Gerade hatte Gabriel ihm beim Urteil über die misslungene Flüchtlingsdebatte zugestimmt. So viel Harmonie wollte Somuncu aber nicht erst aufkommen lassen. "Sprechen Sie ihn (Erdogan) auf Deniz Yücel an?", wollte er vom Außenminister mit Blick auf den in der Türkei inhaftierten deutschen Journalisten wissen. Gabriel zögerte keinen Moment. "Immer. Es gibt kein Gespräch mit Vertretern der türkischen Regierung, bei dem dieser Name und übrigens eine Reihe anderer nicht fällt. Das beeindruckt die türkische Regierung aber nur im begrenzten Maße."

Gabriel schwenkte dann zur AfD, wollte die Sache dann aber doch nicht auf sich beruhen lassen. "Darf ich eine Frage stellen?", fragte er an den Kabarettisten gewandt. "Können Sie mir erklären, wie Sie auf die Idee kommen, dass ein deutsches Regierungsmitglied in die Türkei fährt, ohne Deniz Yücel zu erwähnen?"

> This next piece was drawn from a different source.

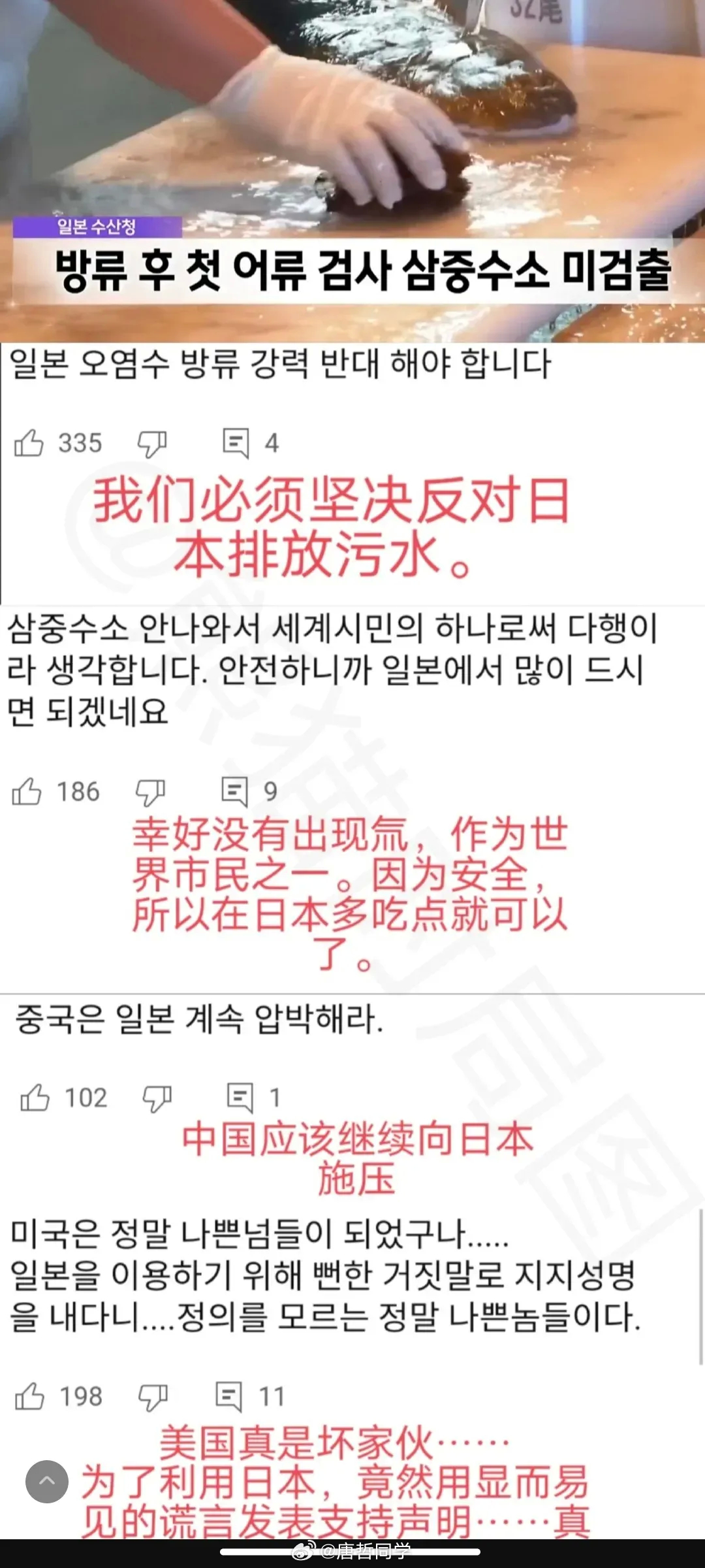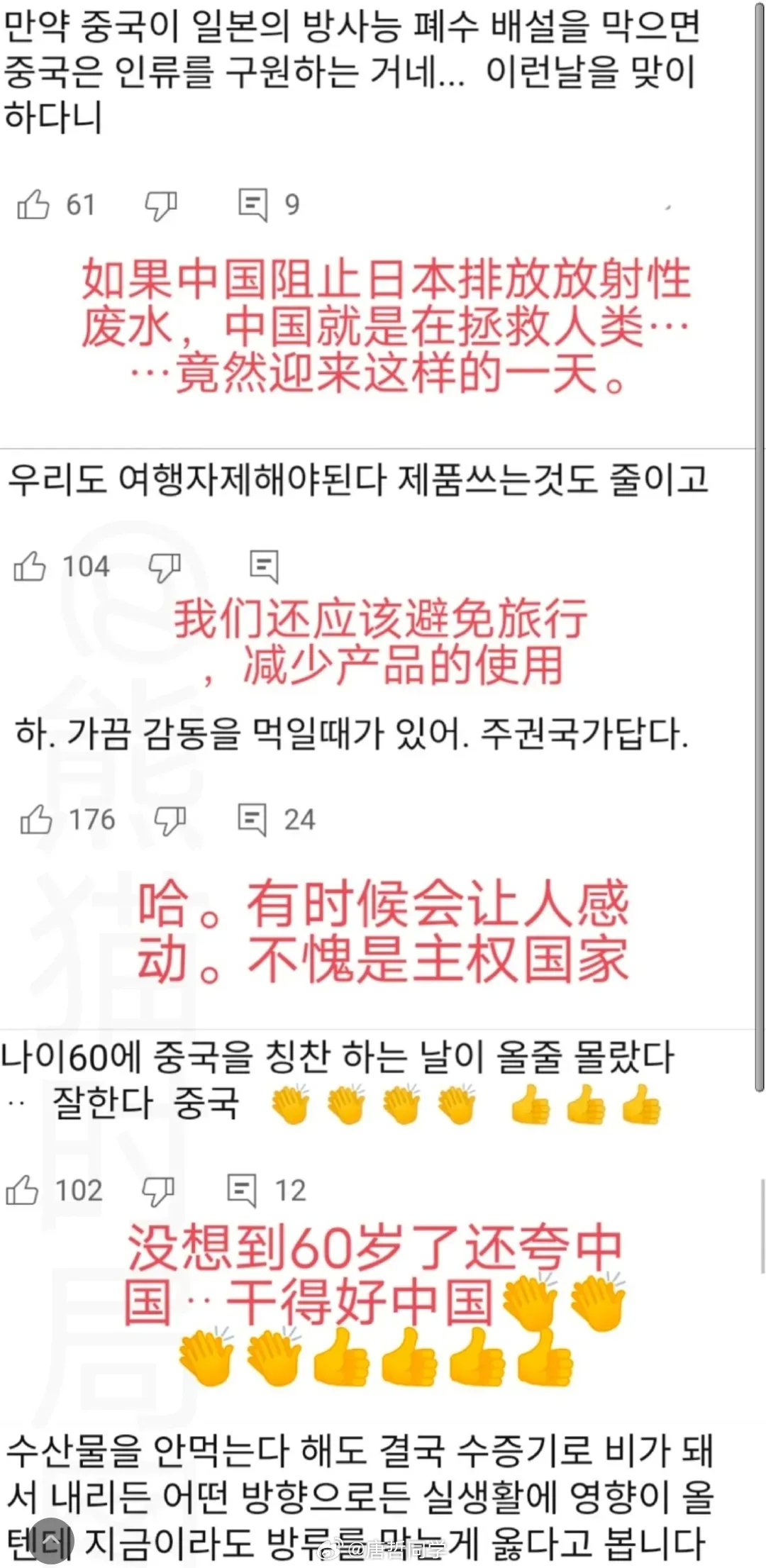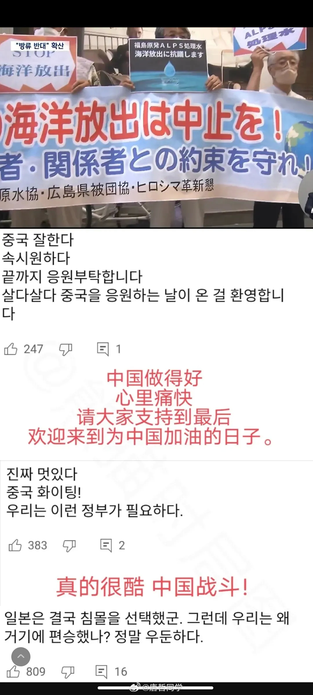 而这次韩国人在日本核污水排海问题上,没想到特别的支持中国,出人意料又在情理之中。毕竟靠海吃海嘛。他们纷纷评论, “中国做得好!” “好羡慕!”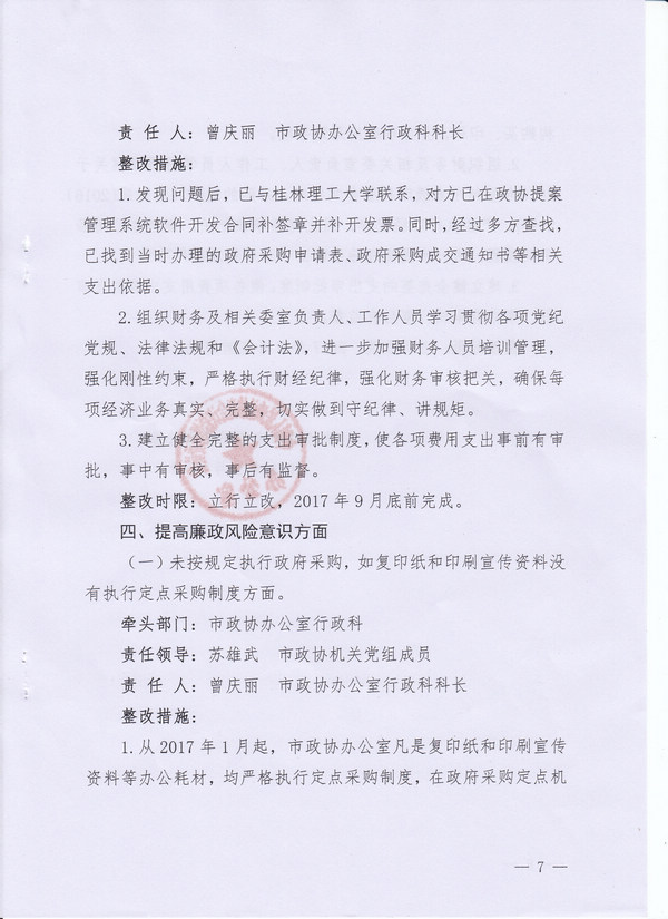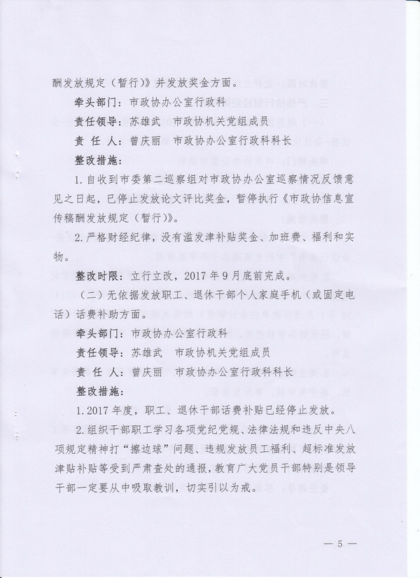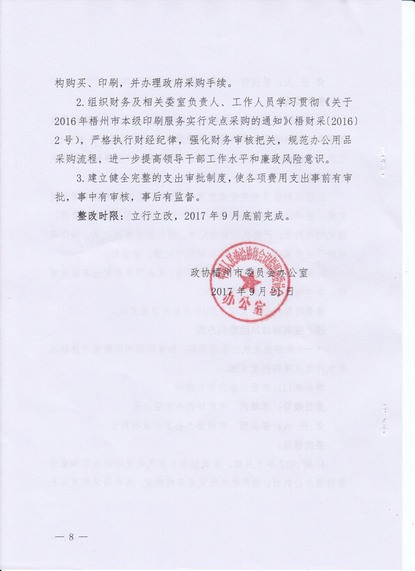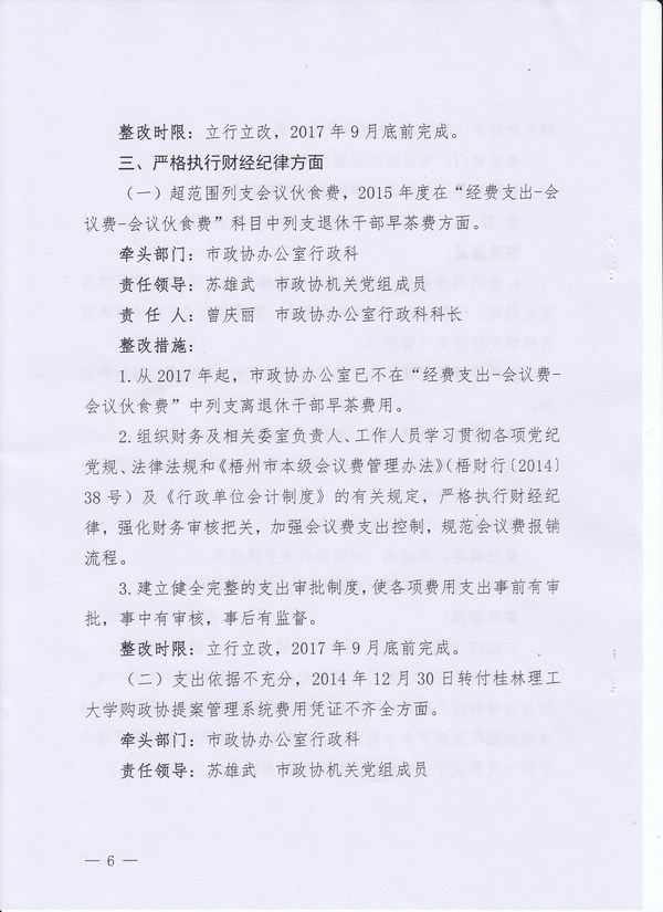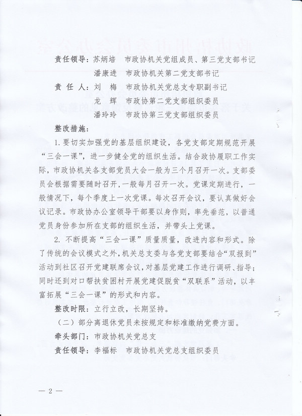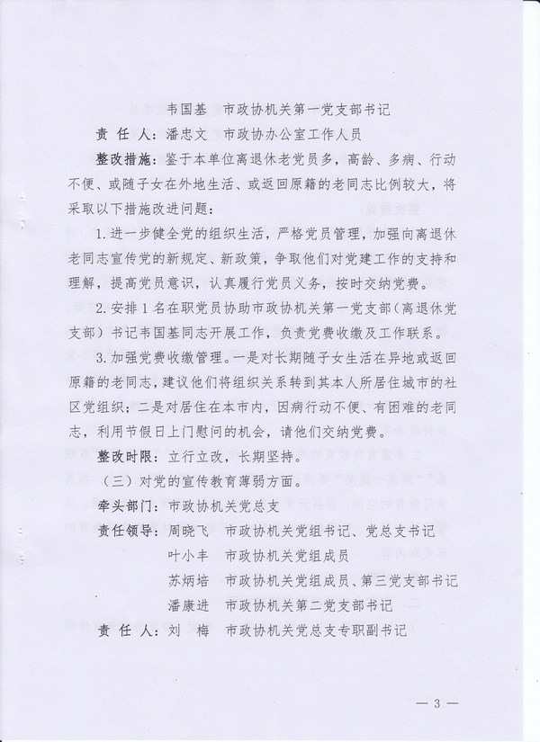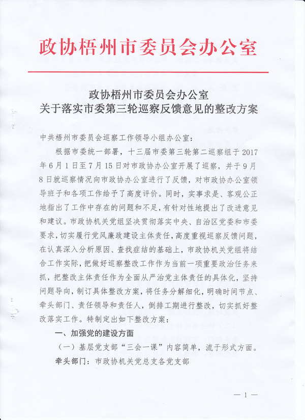 政协梧州市委员会办公室关于落实市委第三轮巡察反馈意见的整改方案

Die Steilvorlage ließ sich Somuncu natürlich nicht entgehen. "Das kann ich Ihnen erklären. Ich sehe das Ergebnis. Ich sehe, dass Sie mit jemandem gemeinsame Sache machen, der in keiner Weise den demokratischen Standards standhält", sagte er auch mit Blick auf Überlegungen in der Türkei, die Todesstrafe wieder einzuführen. Dann schaltete sich auch Stoiber ein. Solle man also mit der Türkei gar nicht mehr reden? "Natürlich müssen wir reden", entgegnete Somuncu. "Aber Sie können doch als Deutschland klare Forderungen stellen."

Eine Viertelstunde später kam Gabriel zurück zum Thema und redete mal diplomatischen Klartext. Wenn man nur mit solchen Ländern Verträge schließen wolle, die europäischen Normen entsprächen, "dann gibt es nicht viele Länder außerhalb Europas, mit denen ich noch einen Vertrag machen kann". Und wozu dann das Ganze?, wollte Somuncu wissen. "Weil wir nicht nur Werte, sondern auch Interessen haben", erwiderte der Außenminister. Interessen wie: Wirtschaftsbeziehungen oder eine wie auch immer geartete Beziehung zur Türkei. Deutschland sei in der EU überhaupt nur noch eines der wenigen Länder, die das Thema Menschenrechte wenigstens noch ansprechen würden, betonte Gabriel.

"Illner-Momente"

Ein umfassender Jahresrückblick hätte einer starken Hand bedurft. Konsequente Themenwechsel und dabei das große Ganze fest im Blick – das gelang Illner an diesem Abend leider nicht. Gegen Ende redeten vor allem Gabriel, Stoiber und sogar Frey nur noch unter sich. Die hilflosen Einwürfe der Moderatorin gingen komplett unter. Schließlich musste sogar fünf Minuten überzogen werden, ohne dass damit ein großer Erkenntnisgewinn verbunden gewesen wäre.

Illner schaffte es schlichtweg nicht, ihre Gäste zum Schweigen zu bringen. Dann war es an der Zeit für die abschließende Frage an die Runde. Und was kam? Die Moderatorin wollte tatsächlich wissen: Welche Bundesregierung haben wir wohl am Ende des nächsten Jahres? Alle sagten GroKo. Ein in seiner Kurzsichtigkeit wunderbar passender Abschluss dieses Jahresrückblicks.

Was von der Sendung übrig bleibt

Werden wir beim Jahresrückblick 2018 überhaupt noch spontan wissen, wofür die Abkürzungen GroKo und KoKo noch mal standen? Gut möglich. Aber diese Talkshow hat gezeigt, wie extrem die aktuell angesagte Themensau alle anderen wichtigen Entwicklungen in den Hintergrund drängt. Haben wir uns tatsächlich schon so sehr an Trump oder die Atomdrohungen aus Nordkorea gewöhnt, dass sie keine Diskussion mehr wert sind? Auch das könnte ein Aspekt des Sendungsthemas "Was ging 2017 verloren?" sein.